━━━━━ Provided data ━━━━━

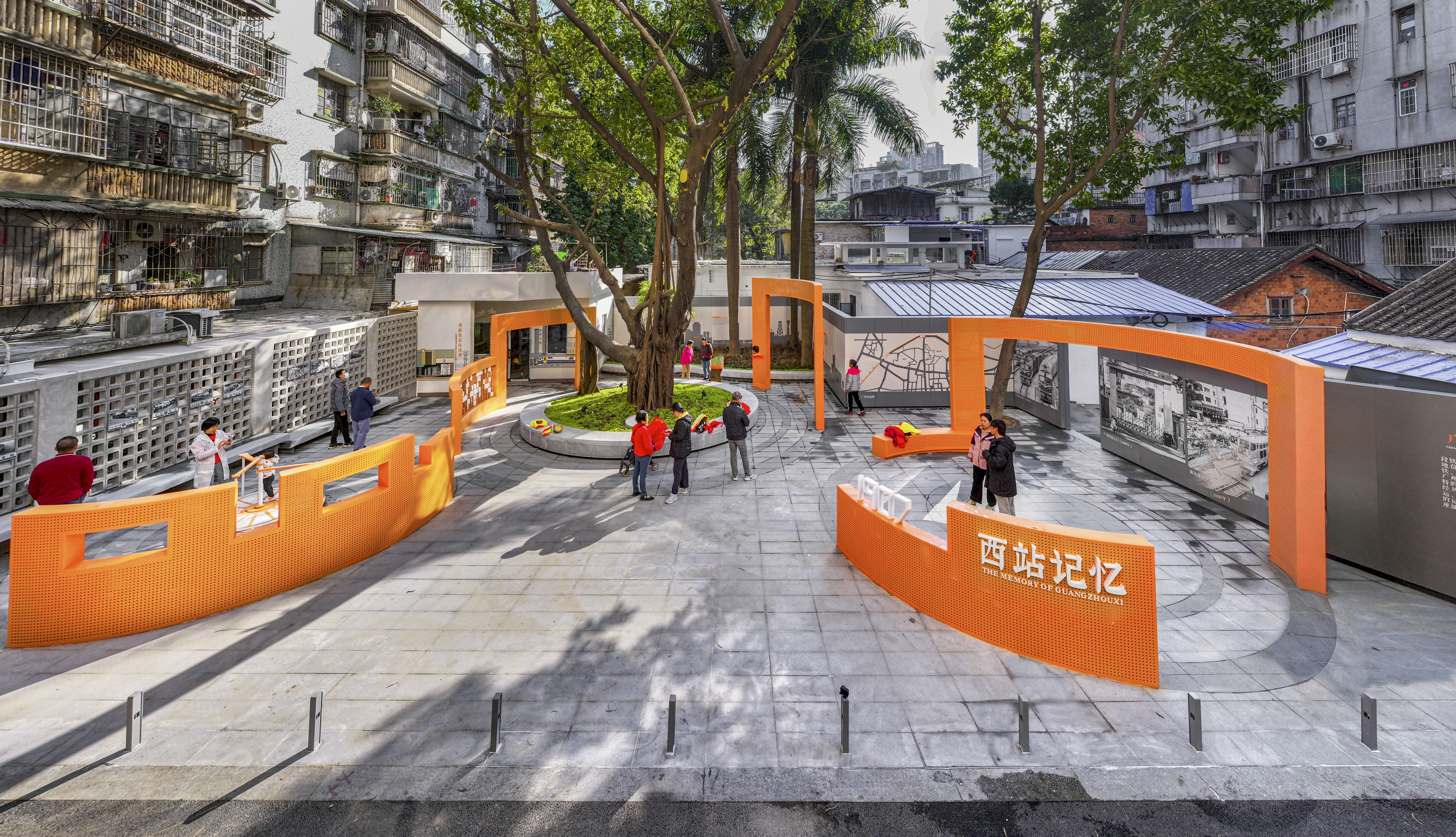 荔湾站前街西站社区,是上世纪80、90年代兴建的铁路职工宿舍,见证了广州西站铁路经济的发展,被誉为荔湾的“铁半城”。历经三十余年变迁,社区面临人口老龄化、基础设施缺失、公共空间不足等问题。社区以激活闲置空地为抓手,打造“西站记忆”口袋公园,结合居民需求,拆除临街围墙,打开公共空间,通过保护古榕生态、完善公共设施、塑造文化节点,将铁路记忆融入城市空间再造,终将闲置空地变成生活秀场、老幼乐场和文化展场。
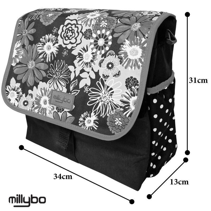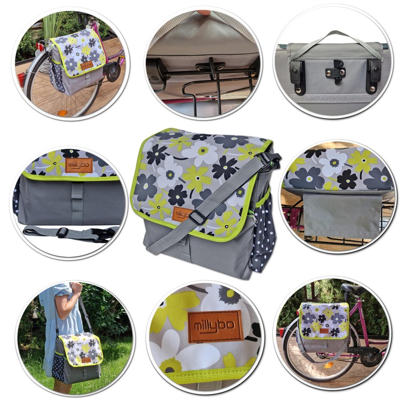 millybo Betsie Single Bicycle Pannier Rack Bag, Bicycle Bag, Many Patterns (110.003 Meadow & Dots Black-Grey)
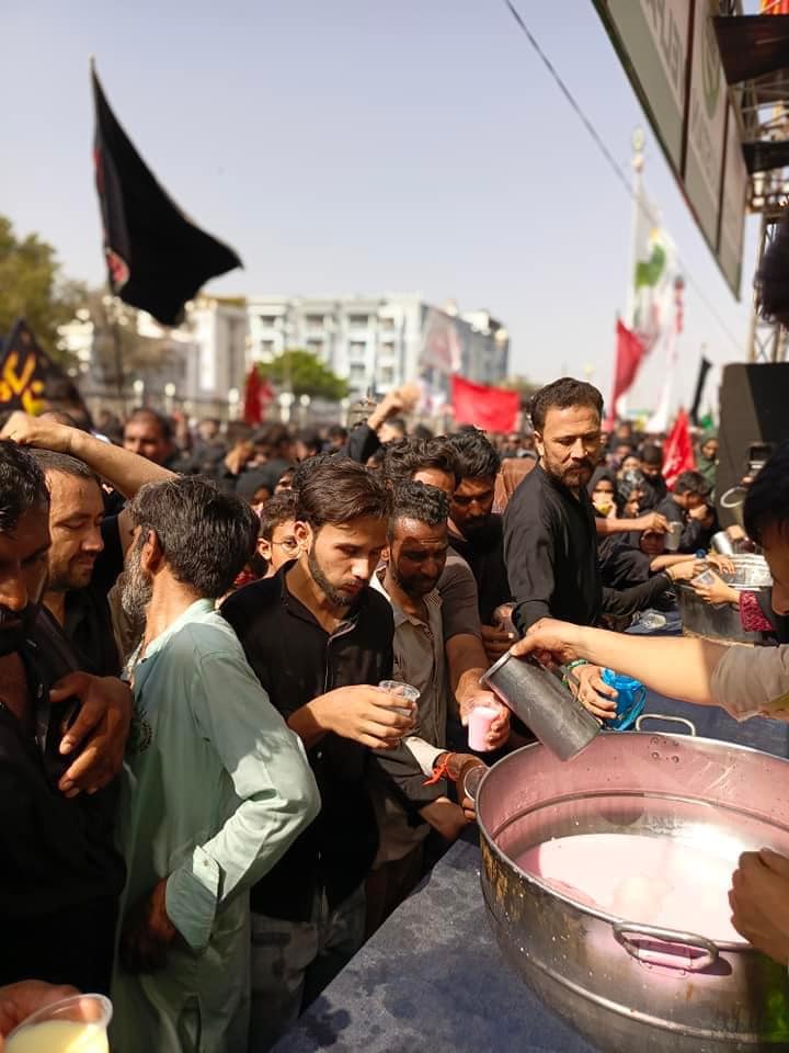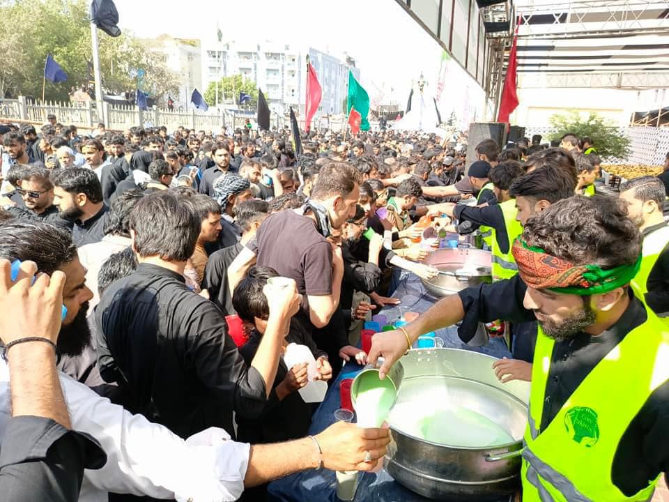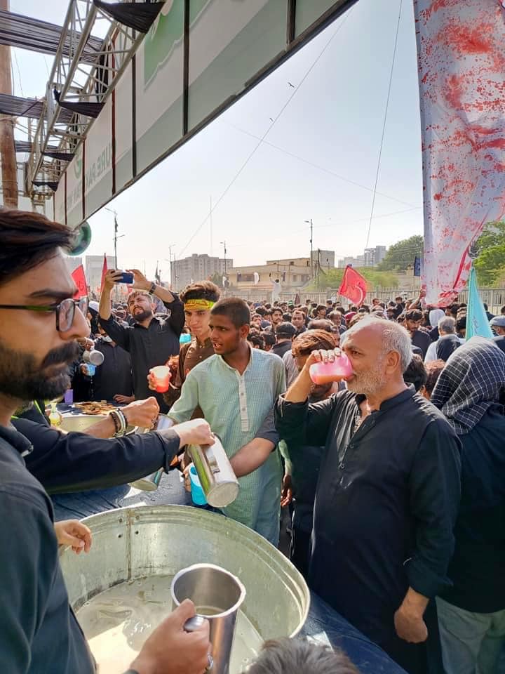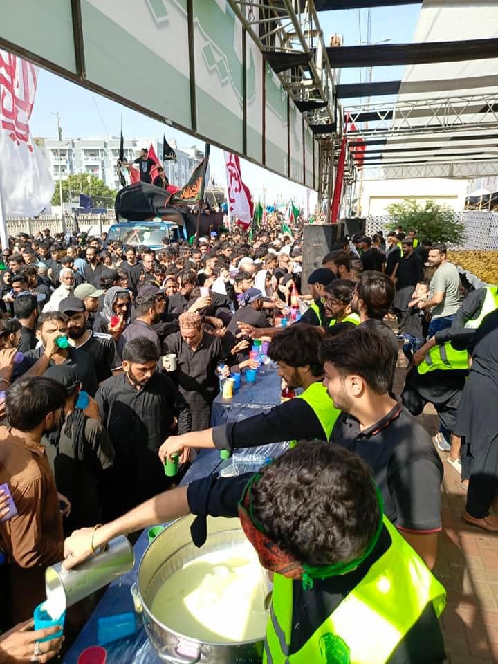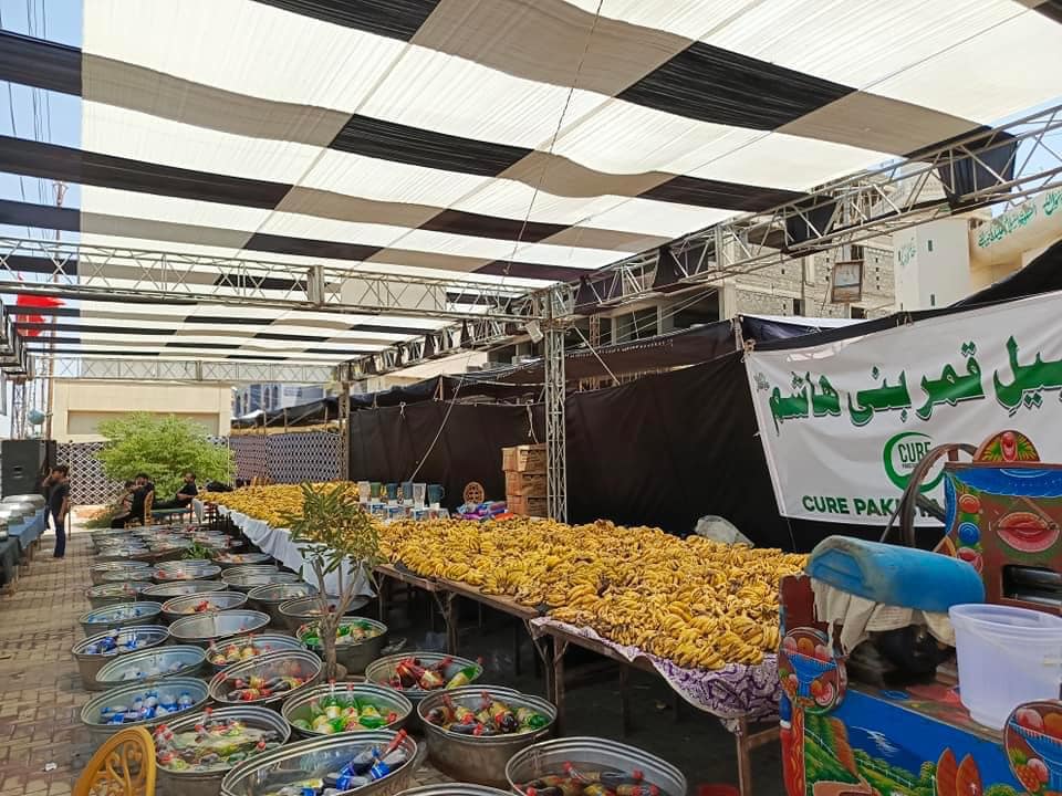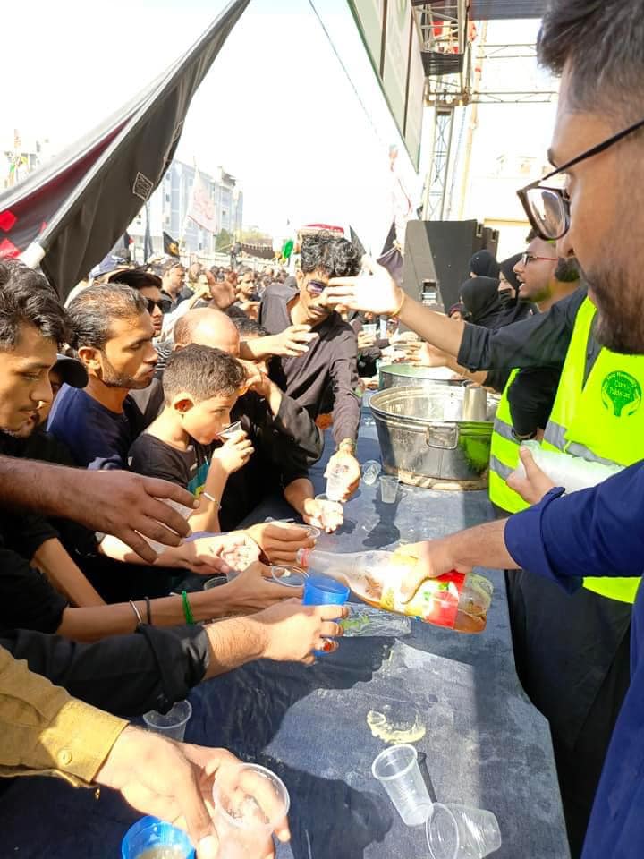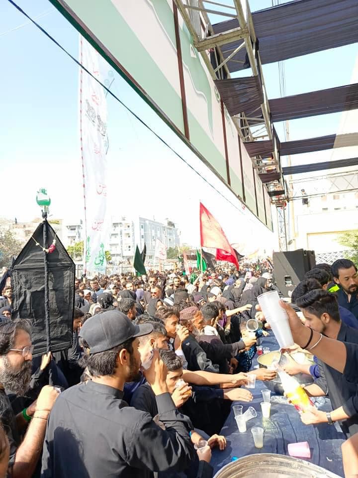 وفقا لما أفادته وكالة أهل البيت (ع) للأنباء ـ أبنا ـ في ذكرى أربعينية الإمام الحسين (ع)، نصب موكب "قمر بني هاشم" خيمة كبيرة في احد شوارع مدينة كراتشي الباكستانية، وقدمت مختلف العصائر اللذيذة منها القصب السكري والطلح .
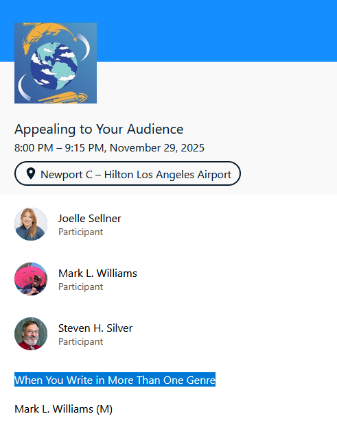 | Panelists: | Barbra Dillon, Nicholas Doan, L. K. Indigo, Russell Nohelty, William O'Neill, and Joelle Sellner. Moderator: Nicholas Doan |
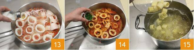 Sobald die Pasta gekocht ist, nehmen Sie eine Kelle Kochwasser und geben Sie sie in die Pfanne 16, dann seihen Sie die Calamarata ab und geben Sie sie in die Pfanne 17. Mischen Sie alles kurz und fügen Sie bei Bedarf Wasser hinzu, damit die Mischung flüssig, aber nicht getrennt bleibt 18.
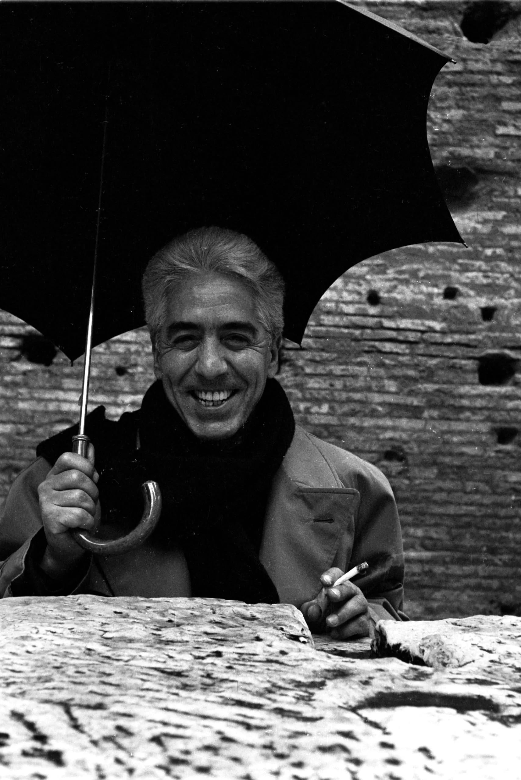 Black and white photograph of a smiling man holding an umbrella and a cigarette, leaning against a stone ledge with a weathered brick wall behind him
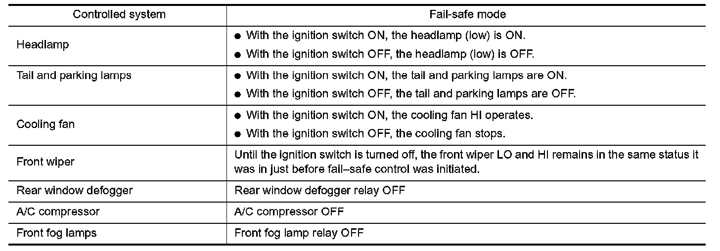 - Operation of control parts by IPDM E/R during fail-safe mode is as shown.
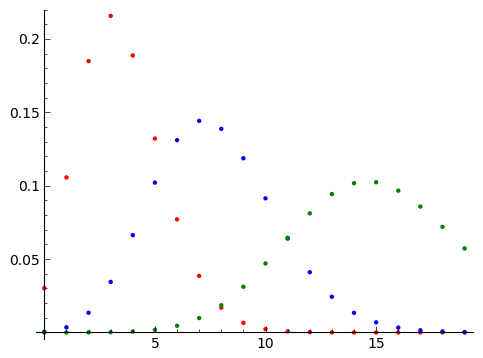 # 様々な平均(λ)のポアソン分布 # Fig. 2.6 g = Graphics() for lam, cls in [(3.5, 'red'), (7.7, 'blue'), (15.1, 'green')]: g = g + list_plot([p(y, lam) for y in range(20)], color=cls) g.show(figsize=5)
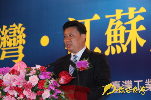 資料圖:江蘇省昆山市委書記管愛國5月23日在2012臺灣 江蘇周經貿合作交流會上宣布昆山市協助臺商轉型升級的“新28條”發展政策。(你好臺灣網 安亞強 攝)
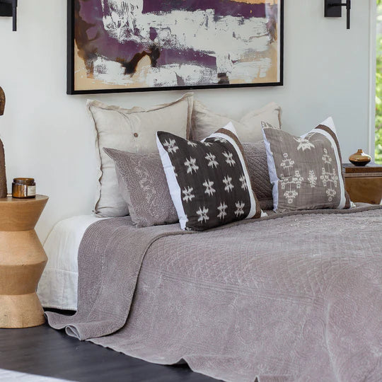 Designed and sewn in Australia, the Kilim Raffia cushions are available in only limited quantities. Cut from a small run of fabric sourced directly from the artisans, the 100% organic cotton pattern has been hand-woven and hand-dyed by a collective of Indonesian women weavers whose craft has been passed down for many generations.

━━━━━

What to do: Repeat only what lies between the start of the data and the end of the line containing "- Operation of", exactly, with pictures left out.

Task response:
 荔湾站前街西站社区,是上世纪80、90年代兴建的铁路职工宿舍,见证了广州西站铁路经济的发展,被誉为荔湾的“铁半城”。历经三十余年变迁,社区面临人口老龄化、基础设施缺失、公共空间不足等问题。社区以激活闲置空地为抓手,打造“西站记忆”口袋公园,结合居民需求,拆除临街围墙,打开公共空间,通过保护古榕生态、完善公共设施、塑造文化节点,将铁路记忆融入城市空间再造,终将闲置空地变成生活秀场、老幼乐场和文化展场。
 millybo Betsie Single Bicycle Pannier Rack Bag, Bicycle Bag, Many Patterns (110.003 Meadow & Dots Black-Grey)
 وفقا لما أفادته وكالة أهل البيت (ع) للأنباء ـ أبنا ـ في ذكرى أربعينية الإمام الحسين (ع)، نصب موكب "قمر بني هاشم" خيمة كبيرة في احد شوارع مدينة كراتشي الباكستانية، وقدمت مختلف العصائر اللذيذة منها القصب السكري والطلح .
 | Panelists: | Barbra Dillon, Nicholas Doan, L. K. Indigo, Russell Nohelty, William O'Neill, and Joelle Sellner. Moderator: Nicholas Doan |
 Sobald die Pasta gekocht ist, nehmen Sie eine Kelle Kochwasser und geben Sie sie in die Pfanne 16, dann seihen Sie die Calamarata ab und geben Sie sie in die Pfanne 17. Mischen Sie alles kurz und fügen Sie bei Bedarf Wasser hinzu, damit die Mischung flüssig, aber nicht getrennt bleibt 18.
 Black and white photograph of a smiling man holding an umbrella and a cigarette, leaning against a stone ledge with a weathered brick wall behind him
 - Operation of control parts by IPDM E/R during fail-safe mode is as shown.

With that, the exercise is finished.